Maybe our role isn't to type faster anymore. Maybe it's to:
- Architect better
- Ask sharper questions
- Design deeper systems
- Understand trade-offs more clearly
- Own decisions rather than lines of code
The craftsmanship is evolving. But we have to be intentional.
Because if we fully surrender the act of building, we might accidentally surrender the joy of building too. Developer joy without AI tools was different. Not necessarily better, just different.
So what do I actually think?
This moment feels uncomfortable because we're in a transition era. The developers who wrote everything by hand feel the shift most intensely. We remember what it felt like when the friction was part of the reward.
Sometimes I catch myself sounding like a grandpa, talking about "the good old days" of writing code till 2 a.m.
The new generation might never experience that same satisfaction, but they'll probably experience a different one.
The challenge for us OGs isn't to resist AI. It's to figure out how to use it without losing ourselves in the process.

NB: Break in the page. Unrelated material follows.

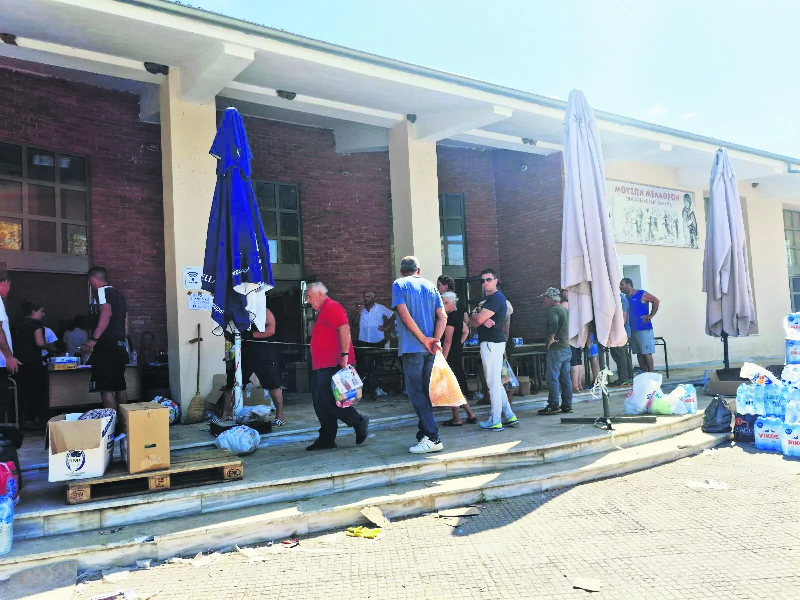 Η μεγαλύτερη κινητικότητα στον Παλαμά παρατηρείται στο Μουσών Μέλαθρον, τον χώρο όπου συγκεντρώνεται η ανθρωπιστική βοήθεια για τους πληγέντες. Ενα ζευγάρι ηλικιωμένων σκύβει με λαχτάρα μέσα στις κούτες και ψάχνει προϊόντα. Βγάζει μωρομάντιλα και κάποια τρόφιμα και τα βάζει βιαστικά σε μια σακούλα. Οι νταλίκες σχηματίζουν ουρές για να ξεφορτώσουν προϊόντα που φτάνουν από κάθε γωνιά της χώρας αλλά και από το εξωτερικό. «Ηρθε βοήθεια ακόμα και από το Ντουμπάι γιατί ένας συμπολίτης μας ζει εκεί και έστειλε φορτίο η εταιρία του. Εχουμε ήδη πάρα πολλά ρούχα που τα στέλνουμε σε άλλες δομές. Βοηθούν όλοι όπως μπορούν» λέει ο εθελοντής Γιώργος Σουλέας που βοήθησε να σωθούν συμπολίτες του στην πλημμύρα και τώρα βοηθάει στη διανομή των προϊόντων. Οπως εξηγεί στον «Ε.Τ.», ο μεγάλος φόβος των κατοίκων είναι πια οι ασθένειες καθώς και ο ίδιος διαγνώστηκε με δερματική μόλυνση και ακολουθεί φαρμακευτική αγωγή.

Maybe the solution is simple:
- Sometimes turn it off
- Sometimes write the complex thing yourself
- Sometimes struggle on purpose
Because struggle isn't inefficiency. Sometimes, it's meaning.
And yes, for full transparency: I wrote this article with AI help. I dictated most of it instead of typing.
Writing used to be fun too.
Does AI actually boost developer productivity? Stanford researchers and the METR study suggest the answer is more complicated than the hype suggests. The coding without AI assistants experience taught us something we're only now realising we've lost.